### TASK TO CARRY OUT
Each entry should be restated word for word, with all pictures left out.

### Collected data entries

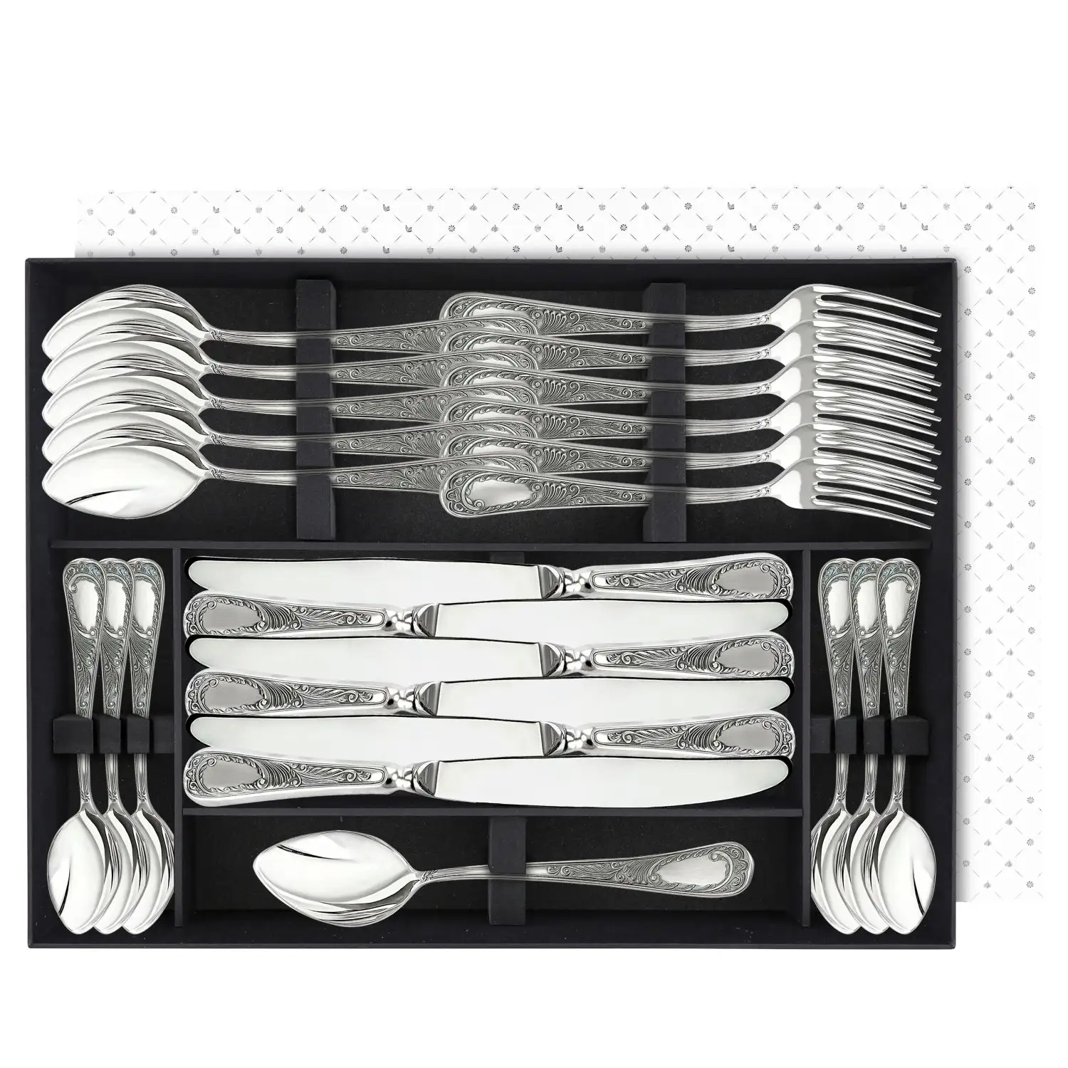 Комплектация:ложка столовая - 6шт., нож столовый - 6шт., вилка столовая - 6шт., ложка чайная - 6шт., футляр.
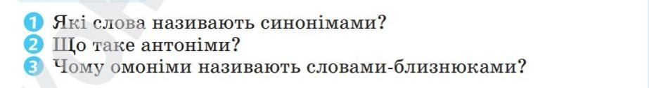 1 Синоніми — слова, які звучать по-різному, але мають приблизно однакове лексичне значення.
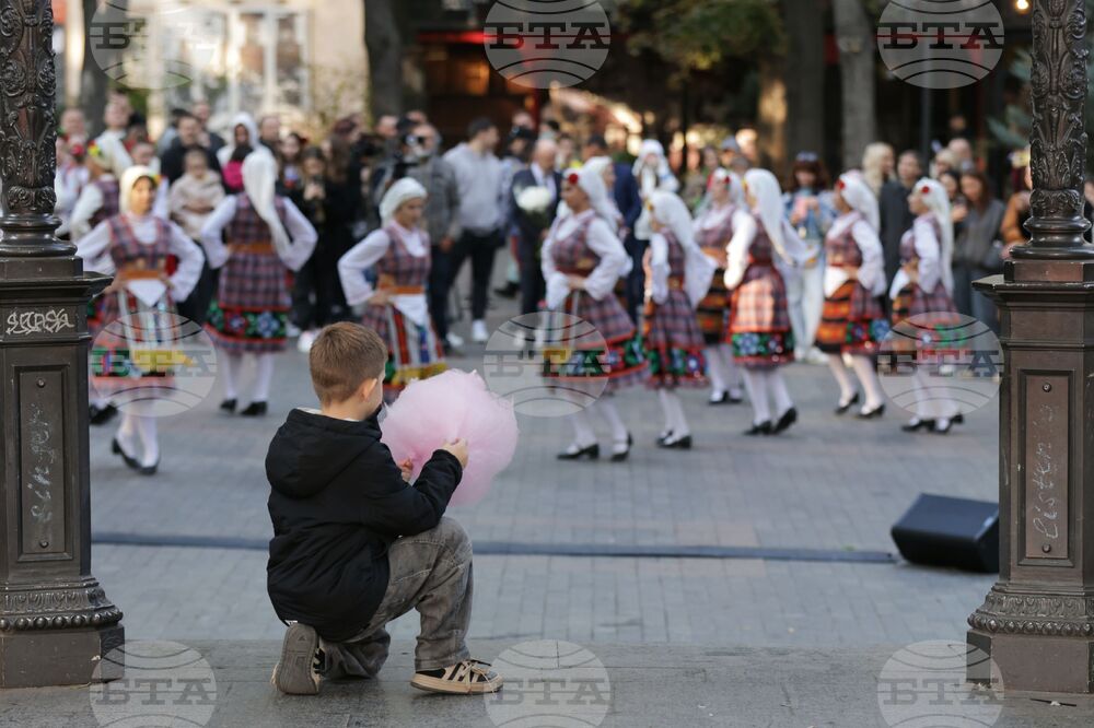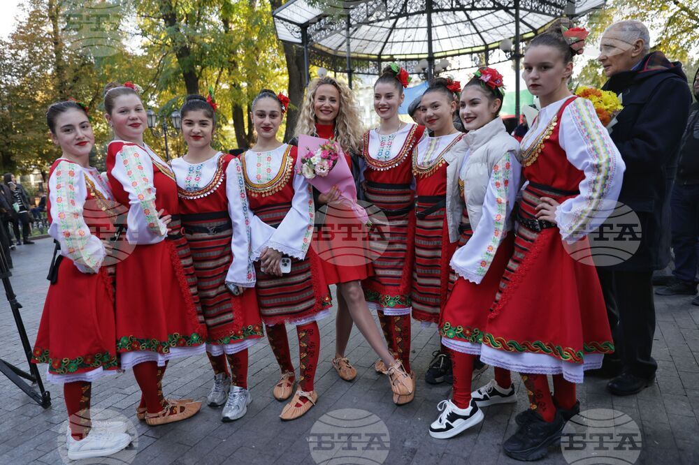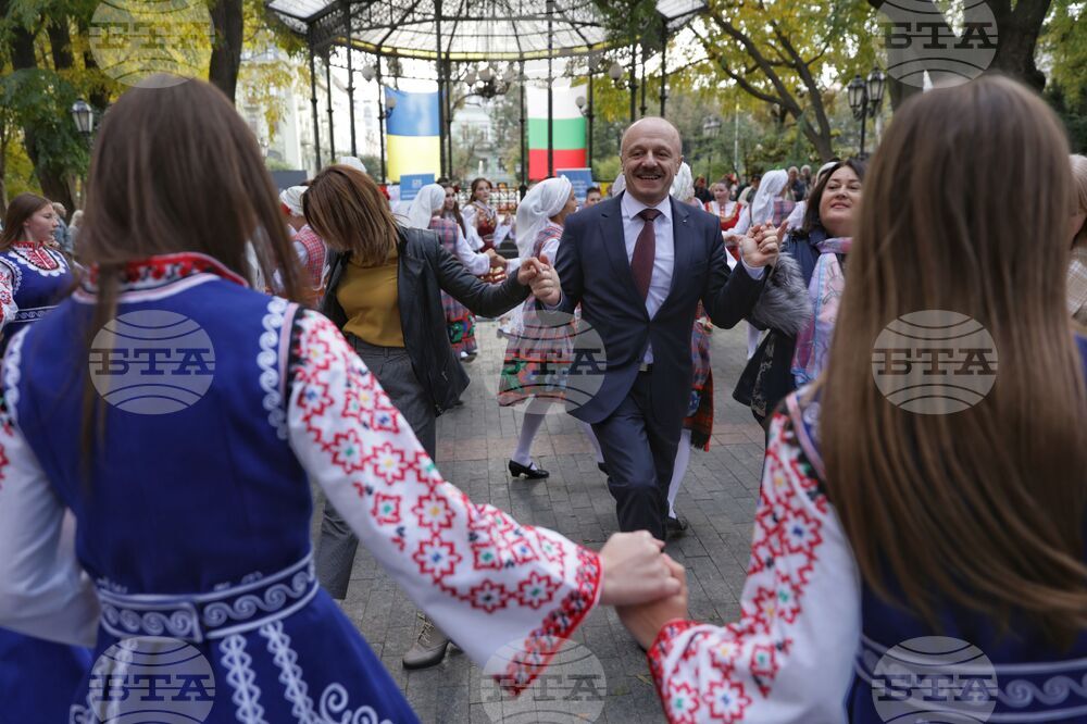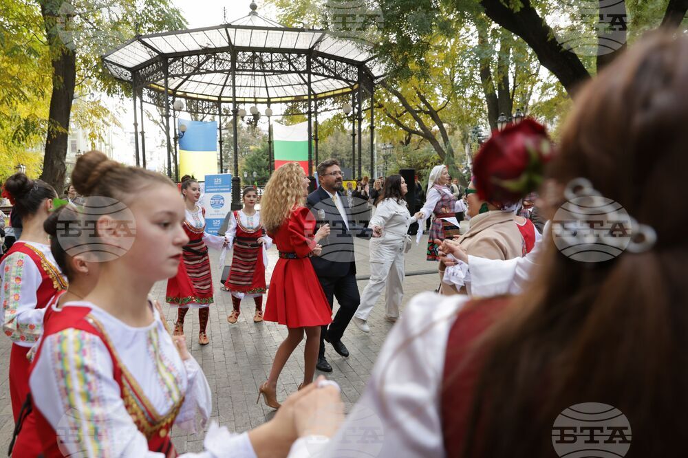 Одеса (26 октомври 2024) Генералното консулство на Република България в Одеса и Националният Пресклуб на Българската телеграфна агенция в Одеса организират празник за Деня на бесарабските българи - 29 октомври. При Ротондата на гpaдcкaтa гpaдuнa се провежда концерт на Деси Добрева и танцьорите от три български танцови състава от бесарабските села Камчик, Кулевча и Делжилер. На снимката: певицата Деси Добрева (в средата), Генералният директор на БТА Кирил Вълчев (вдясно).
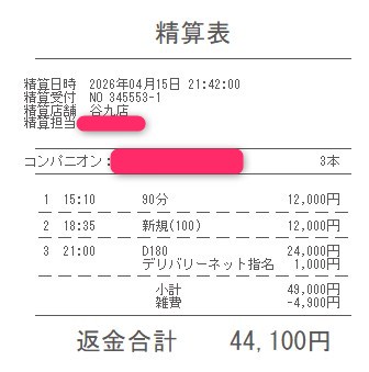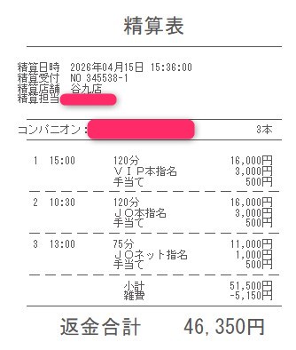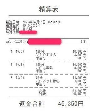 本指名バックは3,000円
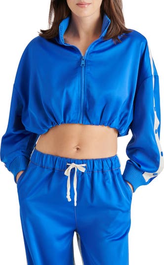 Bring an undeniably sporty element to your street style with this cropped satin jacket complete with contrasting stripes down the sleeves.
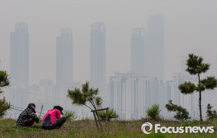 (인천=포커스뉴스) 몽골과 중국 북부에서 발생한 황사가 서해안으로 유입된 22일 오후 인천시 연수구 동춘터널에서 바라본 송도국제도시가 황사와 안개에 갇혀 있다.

### COMPLETED EXERCISE
 Комплектация:ложка столовая - 6шт., нож столовый - 6шт., вилка столовая - 6шт., ложка чайная - 6шт., футляр.
 1 Синоніми — слова, які звучать по-різному, але мають приблизно однакове лексичне значення.
 Одеса (26 октомври 2024) Генералното консулство на Република България в Одеса и Националният Пресклуб на Българската телеграфна агенция в Одеса организират празник за Деня на бесарабските българи - 29 октомври. При Ротондата на гpaдcкaтa гpaдuнa се провежда концерт на Деси Добрева и танцьорите от три български танцови състава от бесарабските села Камчик, Кулевча и Делжилер. На снимката: певицата Деси Добрева (в средата), Генералният директор на БТА Кирил Вълчев (вдясно).
 本指名バックは3,000円
 Bring an undeniably sporty element to your street style with this cropped satin jacket complete with contrasting stripes down the sleeves.
 (인천=포커스뉴스) 몽골과 중국 북부에서 발생한 황사가 서해안으로 유입된 22일 오후 인천시 연수구 동춘터널에서 바라본 송도국제도시가 황사와 안개에 갇혀 있다.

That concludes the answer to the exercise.